Work to complete →
Pictures must not appear in the copy. Reproduce exactly, and only, the lines from the one with "появляются не только" through the end of the data below.

Information provided →
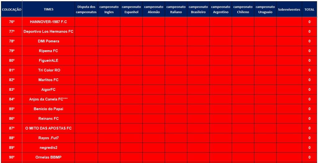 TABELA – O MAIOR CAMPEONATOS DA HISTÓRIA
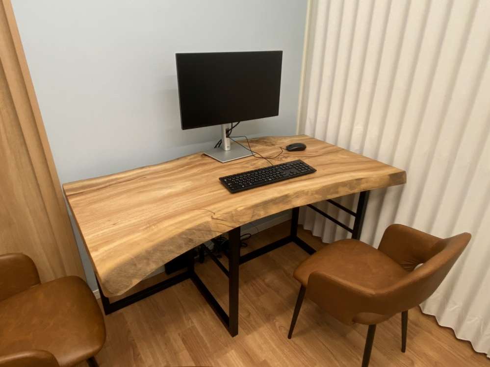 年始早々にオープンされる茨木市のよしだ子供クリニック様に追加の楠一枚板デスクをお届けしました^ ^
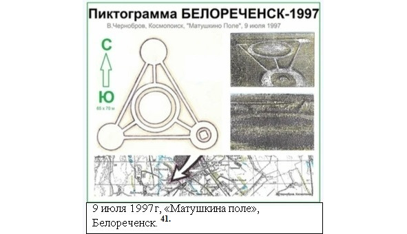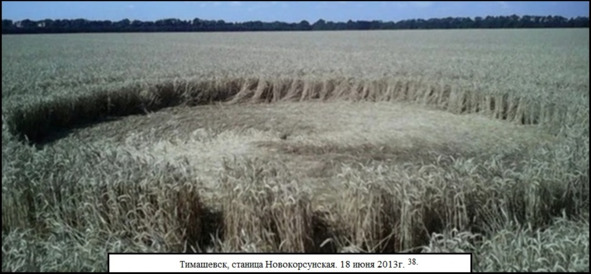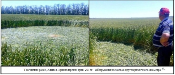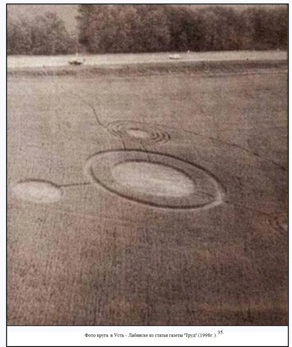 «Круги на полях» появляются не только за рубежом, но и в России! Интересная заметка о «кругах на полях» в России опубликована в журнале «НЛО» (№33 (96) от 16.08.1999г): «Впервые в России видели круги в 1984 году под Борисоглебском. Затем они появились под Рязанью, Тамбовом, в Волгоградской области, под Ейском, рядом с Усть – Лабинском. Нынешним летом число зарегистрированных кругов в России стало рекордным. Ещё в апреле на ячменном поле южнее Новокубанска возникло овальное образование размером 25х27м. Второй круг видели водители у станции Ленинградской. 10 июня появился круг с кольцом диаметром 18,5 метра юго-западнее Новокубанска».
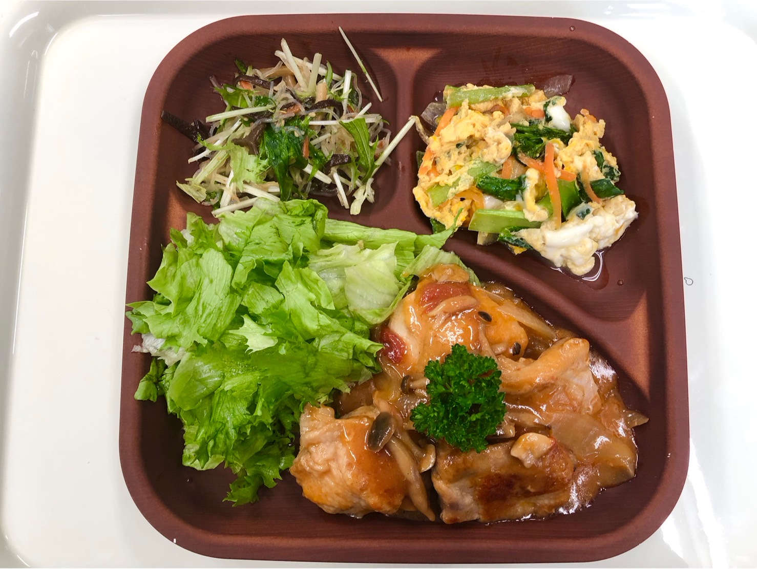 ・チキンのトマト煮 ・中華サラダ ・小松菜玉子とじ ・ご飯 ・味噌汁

Written answer →
 «Круги на полях» появляются не только за рубежом, но и в России! Интересная заметка о «кругах на полях» в России опубликована в журнале «НЛО» (№33 (96) от 16.08.1999г): «Впервые в России видели круги в 1984 году под Борисоглебском. Затем они появились под Рязанью, Тамбовом, в Волгоградской области, под Ейском, рядом с Усть – Лабинском. Нынешним летом число зарегистрированных кругов в России стало рекордным. Ещё в апреле на ячменном поле южнее Новокубанска возникло овальное образование размером 25х27м. Второй круг видели водители у станции Ленинградской. 10 июня появился круг с кольцом диаметром 18,5 метра юго-западнее Новокубанска».
 ・チキンのトマト煮 ・中華サラダ ・小松菜玉子とじ ・ご飯 ・味噌汁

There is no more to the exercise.